Within 24 hours of the birth of an endangered Grevy’s zebra foal on St. Patrick’s Day, Tampa’s Lowry Park Zoo welcomed another offspring: a southern White Rhinoceros.  The rhino calf was born in the early morning hours on Thursday, March 18, to first-time mother “Kidogo” in the African rhino boma (barn) which houses the animals overnight.  The birth marks the first southern white rhino calf in the Zoo’s history, and the second birth in two days of animals sharing a habitat (southern white rhinos and Grevy’s zebra).




Upon arriving at the Zoo the morning after the zebra birth, zoo keepers immediately spotted the newborn rhino calf that appeared alert, clean and dry.  As with many first time mothers, Kidogo has appeared tentative at times, but is very attentive and protective of the unnamned calf, a male.  

The Zoo’s white rhinos are members of the Association of Zoos and Aquariums (AZA) Southern White Rhinoceros Species Survival Plan (SSP).  “This birth will contribute to the conservation efforts of this species in North America, and specifically the SSP, adding valuable genetics to the program from an imported animal new to the population,” noted Dr. Larry Killmar, the Zoo’s director of collections.
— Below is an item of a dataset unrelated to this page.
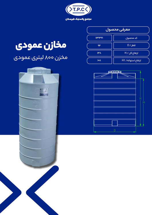 مخزن 800 لیتری عمودی 3لایه آنتی باکتریال طبرستان
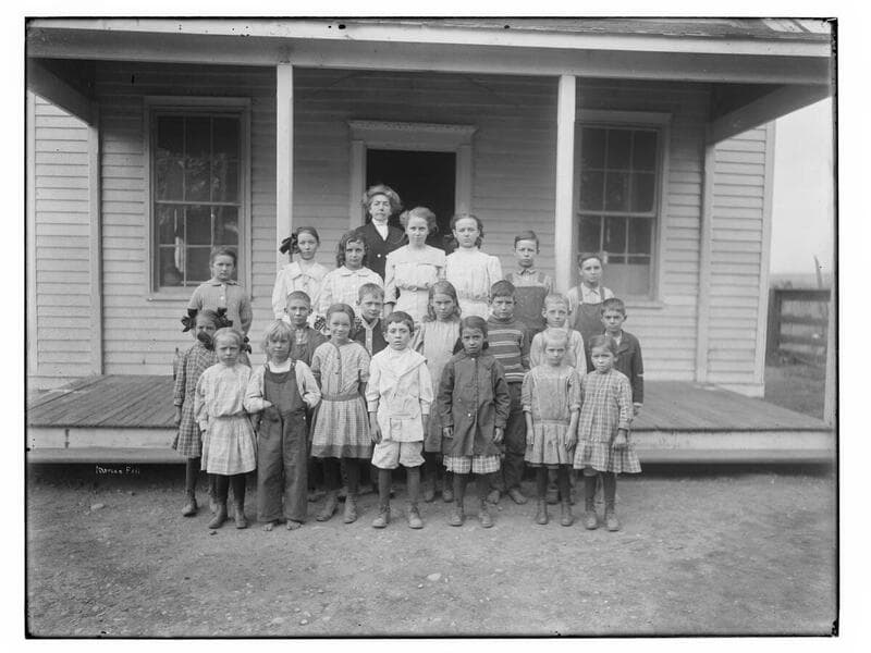 Children in front of a school in Merced Falls, Merced County

According to the SSP’s population analysis in June 2009, there were a total of 153 southern white rhinos among 47 AZA-accredited institutions in North America.  "The white rhino population has been managed as an SSP since 1984, and every birth is very significant," noted Adam Eyres,” white rhino SSP coordinator.  "Fewer than 10 AZA institutions are currently producing calves, so this is great news for the white rhino population."
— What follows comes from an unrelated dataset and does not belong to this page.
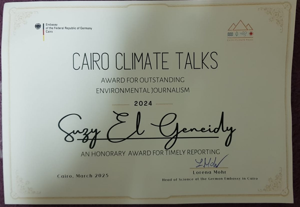 حصلت الزميلة سوزي الجنيدي نائب رئيس تحرير الأهرام العربي على جائزة التميز للتغطية الصحفية المميزة لموضوعات التغير المناخي وتغطية المؤتمر الدولي للأطراف في اتفاقية الأمم المتحدة الإطارية بشأن التغير المناخي لعام ٢٠٢٤.
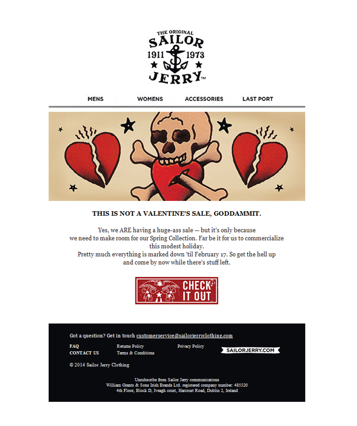 Z okazji Czarnego Piątku do skrzynek odbiorczych naszych klientów trafi niezliczona liczba newsletterów utrzymanych w kolorze czarnym, zaś 14 lutego wiadomości – okraszone serduszkami i różami – barwić się będą wszystkimi odcieniami różu. Zaszalej nieco i odejdź od sztampowych kolorów i zwrotów! Czarny Piątek może stać się Różowym Piątkiem, jeśli wiesz, że twoim klientom spodoba się ta koncepcja. Na taki pomysł wpadł sklep Dear Miss Modern, argumentując decyzję o zmianie nazwy święta słowami „ponieważ czarny brzmi po prostu zbyt ciemno”. Ciekawym przykładem odwrócenia standardowego schematu do góry nogami może być także mailing firmy Sailor Jerry, która wykorzystała Święto Zakochanych na wysłanie zdecydowanie antywalentynkowego newslettera. Nietuzinkowy tytuł maila “A sale, hell yeah. A Valentine’s sale, hell no.”, treść wiadomości oraz grafika na pewno zwróciły uwagę użytkowników i pozwoliły wyróżnić się firmie w natłoku „sztywnych”, cukierkowych kampanii walentynkowych.

Tampa’s Lowry Park Zoo is currently home to a herd of five white rhinos: three adult females who came to the Zoo from the Phinda Reserve in Africa, one adult male and the new male offspring. As a species that lives in a herd, the Zoo’s mother rhino and calf will be gradually introduced to the remainder of the rhinos and the four Grevy’s zebra in the near term.
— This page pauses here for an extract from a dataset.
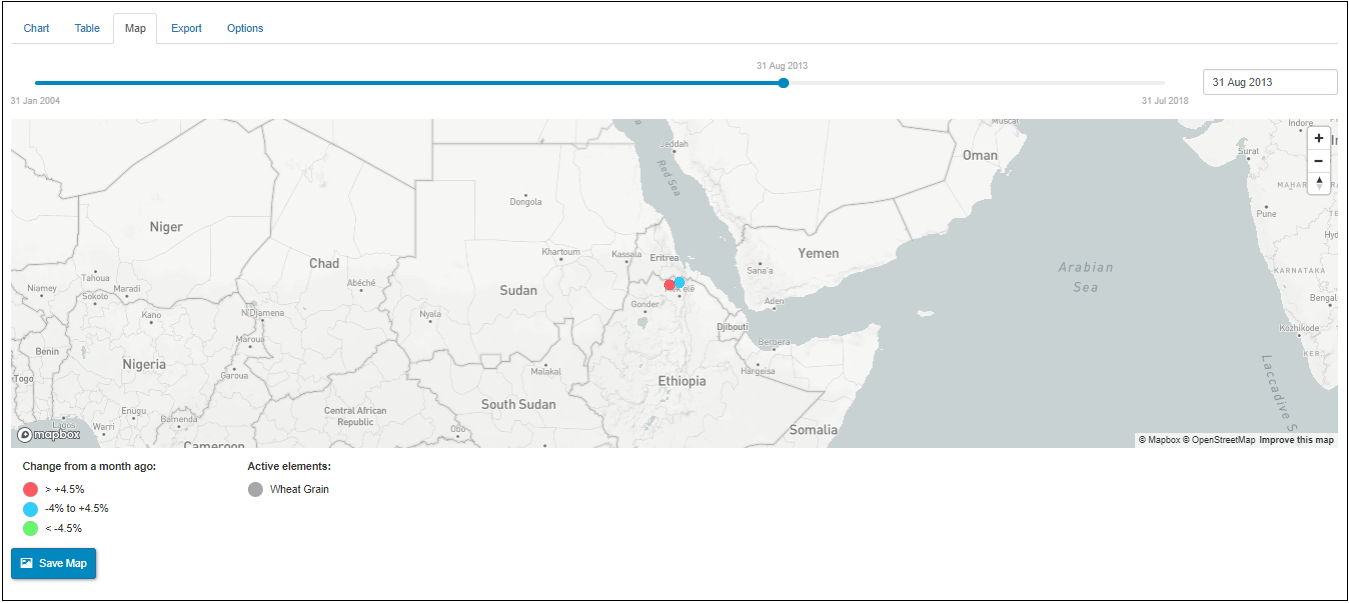Time slider contains the date range of the data points of the selected data series.It enables the user to visualize the data points of the selected data series by scrolling the slider’s tick back and forth. By clicking the Save map button, one can export the map into PNG format.

Native to eastern and southern Africa, the southern white rhinoceros is classified as “near threatened.”  The white rhino is thought to be named after an English misinterpretation of the Afrikaans word, “weit,” meaning wide. The land grazing mammals have unique square-lipped mouths that allow them to easily eat wide amounts of the grasses found throughout the open savannahs. The white rhinoceros has two horns at the end of its muzzle, the most prominent in the front. Both horns are made out of keratin, the same material found in human hair and nails. Unlike the Indian rhino, white rhinos use their horns as a defense mechanism.  Females use their horn to protect their young while males use them to battle each other. Adult white rhinos can reach weights of about 5,000 pounds, with most calves estimated to weigh between 100-140 pounds.

The white rhino birth marks the second species of rhino born at the Zoo in the last year.  An endangered Indian rhinoceros (also known as the great one-horned rhinoceros) was born July 7, 2009, in the Asian Gardens habitat area at the Zoo.

Tampa’s Lowry Park Zoo participates in nearly 40 Species Survival Plans (SSPs), cooperative breeding and conservation programs managed by AZA to carefully maintain healthy, self-sustaining captive populations.